X_train_torch = torch.Tensor(X_train)
X_train_torch = X_train_torch.to(dev)
Y_train_torch = torch.Tensor(Y_train)
Y_train_torch = Y_train_torch.to(dev)

optimizer = optim.Adam(classifier.parameters())
criterion = nn.BCELoss()

In [61]:
Y_train_torch.size()

torch.Size([928])

In [62]:
Y_train_torch[0].size()

torch.Size([])

The fact that `Y_train_torch`'s size is (928) is actually a (minor) problem because it is storing the values as scalars. The network will output 1-dimensional vectors.  So we need something of size (928, 1).

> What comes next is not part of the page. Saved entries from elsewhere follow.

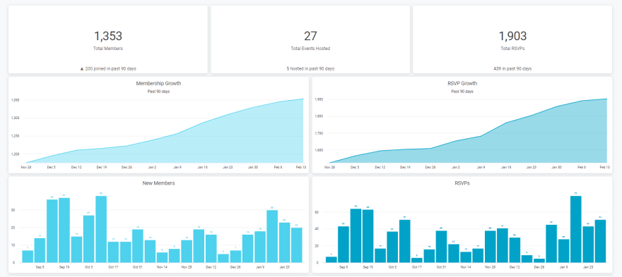 We have held 27 events so far, and we have received a total of 1,903 RSVPs. Our website has also attracted close to 1,000 new users since we started analyzing traffic a few months ago. We have developed an in-house job board application that has roughly 1,000 impressions since we launched it a few months ago. You can read more about this on this post.
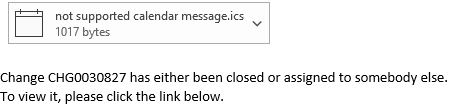 After wasting too much time on this problem, I decided to share with the community the solution I used to correct the "not supported calendar message.ics" bug.
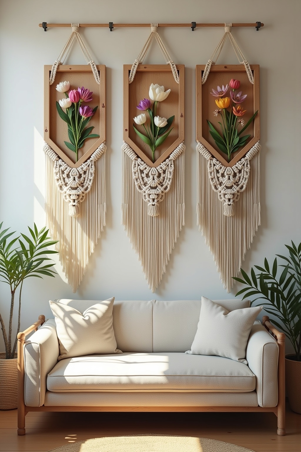 1. Makramee-Wandbehänge aus naturfarbenen oder gefärbten Baumwollseilen für einen Boho-Chic-Look

We get this by "unsqueezing" the first dimension, ie, wrapping all elements along that dimension in a vector. Then we get (928, 1), and get rid of the warning we saw in class.

In [63]:
Y_train_torch = Y_train_torch.unsqueeze(1)

In [64]:
Y_train_torch.size()

torch.Size([928, 1])

In [65]:
X_train_torch.device

device(type='cuda', index=0)

In [66]:
def train():
    for i in range(len(X_train)):
        x = X_train_torch[i]
        y = Y_train_torch[i]
        optimizer.zero_grad()
        output = classifier.forward(x)
        loss = criterion(output, y)
        loss.backward()
        optimizer.step()

### Train and evaluate the model

In [67]:
train()

In [69]:
list(classifier.parameters())

[Parameter containing:
 tensor([[ 0.0143,  0.0908,  0.0064,  ..., -0.0077,  0.0211, -0.0046],
         [ 0.0123,  0.0589, -0.0083,  ...,  0.0029,  0.0140, -0.0050],
         [ 0.0046, -0.0086, -0.0088,  ...,  0.0009,  0.0093, -0.0061],
         ...,
         [ 0.0110,  0.0823, -0.0094,  ..., -0.0070,  0.0259, -0.0011],
         [ 0.0078, -0.0196,  0.0094,  ...,  0.0013,  0.0085,  0.0049],
         [ 0.0254, -0.0417,  0.0253,  ..., -0.0016, -0.0199, -0.0003]],
        device='cuda:0', requires_grad=True), Parameter containing:
 tensor([ 0.0364,  0.0348, -0.0130,  0.0321,  0.0682,  0.0372,  0.0837,  0.0814,
          0.0811,  0.0333,  0.0325,  0.0694,  0.0325,  0.0709,  0.0309,  0.0625,
          0.0398,  0.0778,  0.0766,  0.0350,  0.0775,  0.0722,  0.0757,  0.0376,
          0.0269,  0.0306,  0.0380,  0.0393,  0.0371,  0.0331, -0.0163, -0.0187,
          0.0562,  0.0806,  0.0435,  0.0312,  0.0481,  0.0607,  0.0793,  0.0780,
          0.0309,  0.0762,  0.0366,  0.0383,  0.0334,  0.0750, 

In [70]:
X_test_torch = torch.Tensor(X_test)
X_test_torch = X_test_torch.to(dev)
Y_test_torch = torch.Tensor(Y_test)
Y_test_torch = Y_test_torch.to(dev)

In [71]:
def test():
    result = []
    for i in range(len(X_test)):
        x = X_test_torch[i]
        result.append(classifier.forward(x).to('cpu'))
    return result

In [72]:
result = test()

In [73]:
result_int = [round(float(x[0])) for x in result]

In [74]:
correct = [1 if x[0] == x[1] else 0 for x in zip(result_int, Y_test)]

In [75]:
sum(correct)/len(correct)

0.9698275862068966

It seems like a single epoch with a very simple FFNN model was good enough to get nearly 100% accuracy.